[SOURCE DATA]
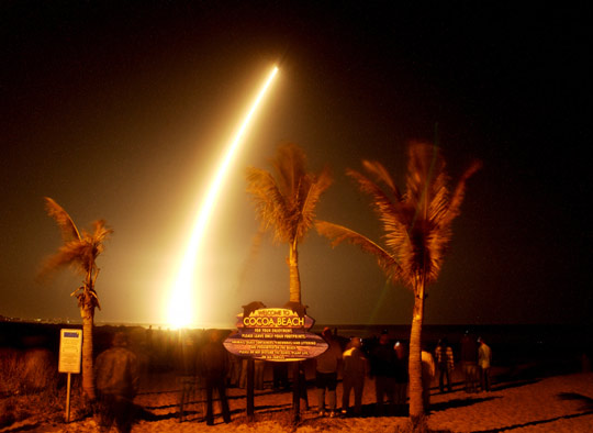 中新網(wǎng)3月7日電 美國(guó)東部時(shí)間6日22時(shí)50分,世界首個(gè)用于探測(cè)太陽(yáng)系外類(lèi)地行星的“開(kāi)普勒”號(hào)太空望遠(yuǎn)鏡在美國(guó)卡納維拉爾角空軍基地發(fā)射升空。圖為群眾正在觀看“開(kāi)普勒”號(hào)升空的盛況。
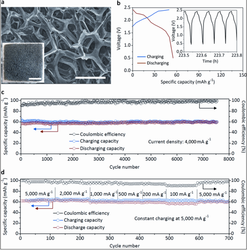 图2:以三维石墨为正极的铝电池材料形貌与性能表征
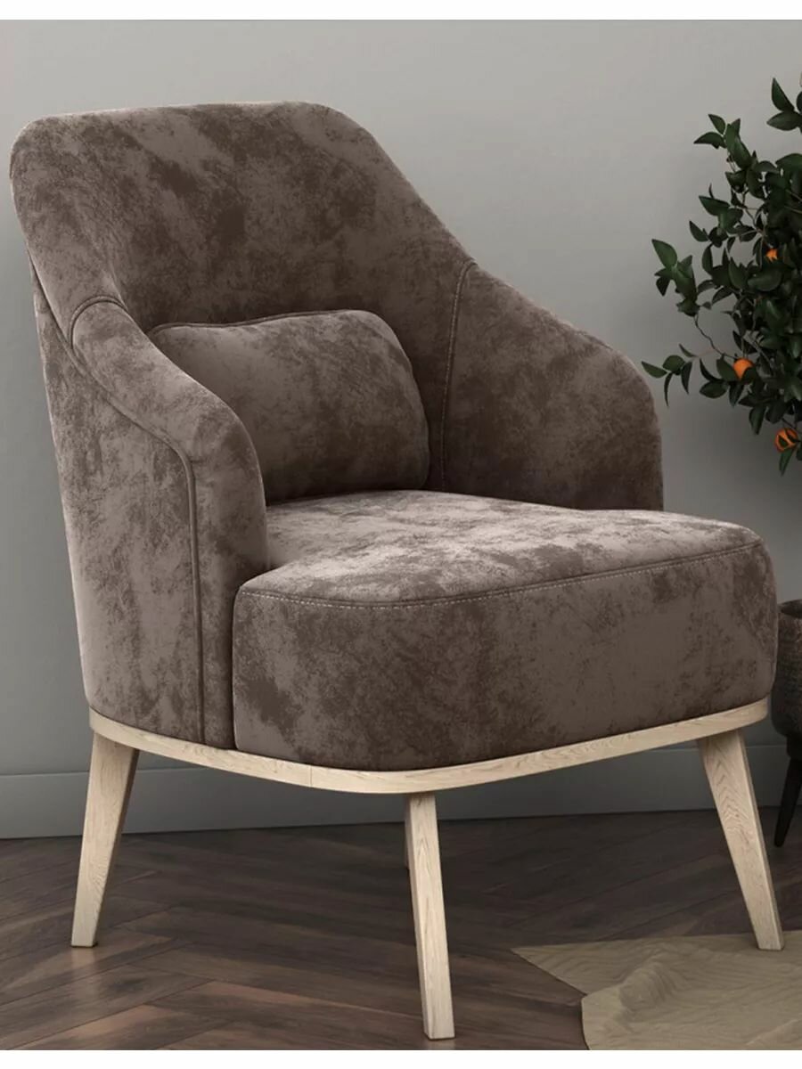 СохранитьКресло мягкое Лаурель Миди для отдыха дома с декоративной подушкой, высокие ножки, 67х79х79 см, Корица, микровелюр интересное:

[REQUIRED ACTION] The required output is each line above restated verbatim, with all images omitted.

[TASK ANSWER]
 中新網(wǎng)3月7日電 美國(guó)東部時(shí)間6日22時(shí)50分,世界首個(gè)用于探測(cè)太陽(yáng)系外類(lèi)地行星的“開(kāi)普勒”號(hào)太空望遠(yuǎn)鏡在美國(guó)卡納維拉爾角空軍基地發(fā)射升空。圖為群眾正在觀看“開(kāi)普勒”號(hào)升空的盛況。
 图2:以三维石墨为正极的铝电池材料形貌与性能表征
 СохранитьКресло мягкое Лаурель Миди для отдыха дома с декоративной подушкой, высокие ножки, 67х79х79 см, Корица, микровелюр интересное:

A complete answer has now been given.